EXERCISE PROMPT
When you reproduce the data, keep every word exactly as it stands and leave the pictures out.

DATA BLOCK

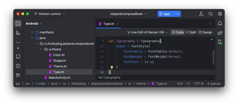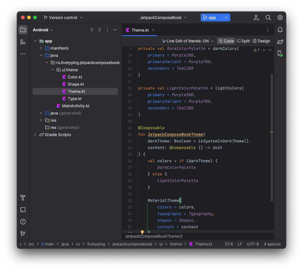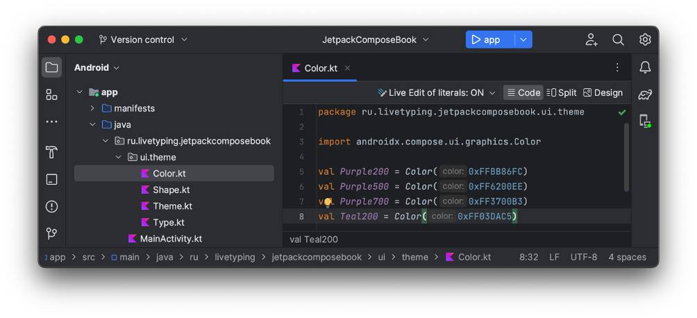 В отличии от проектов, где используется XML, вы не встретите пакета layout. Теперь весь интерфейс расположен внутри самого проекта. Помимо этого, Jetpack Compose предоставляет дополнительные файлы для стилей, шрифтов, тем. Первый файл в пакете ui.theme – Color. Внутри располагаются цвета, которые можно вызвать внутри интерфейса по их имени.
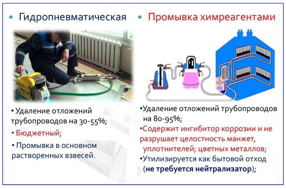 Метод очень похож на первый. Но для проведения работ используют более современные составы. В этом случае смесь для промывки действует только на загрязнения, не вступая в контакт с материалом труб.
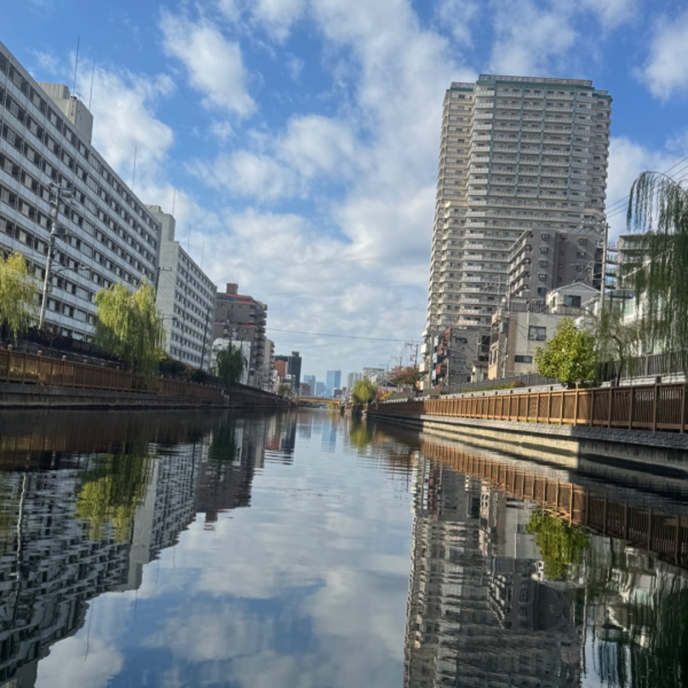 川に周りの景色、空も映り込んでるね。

TASK OUTPUT
 В отличии от проектов, где используется XML, вы не встретите пакета layout. Теперь весь интерфейс расположен внутри самого проекта. Помимо этого, Jetpack Compose предоставляет дополнительные файлы для стилей, шрифтов, тем. Первый файл в пакете ui.theme – Color. Внутри располагаются цвета, которые можно вызвать внутри интерфейса по их имени.
 Метод очень похож на первый. Но для проведения работ используют более современные составы. В этом случае смесь для промывки действует только на загрязнения, не вступая в контакт с материалом труб.
 川に周りの景色、空も映り込んでるね。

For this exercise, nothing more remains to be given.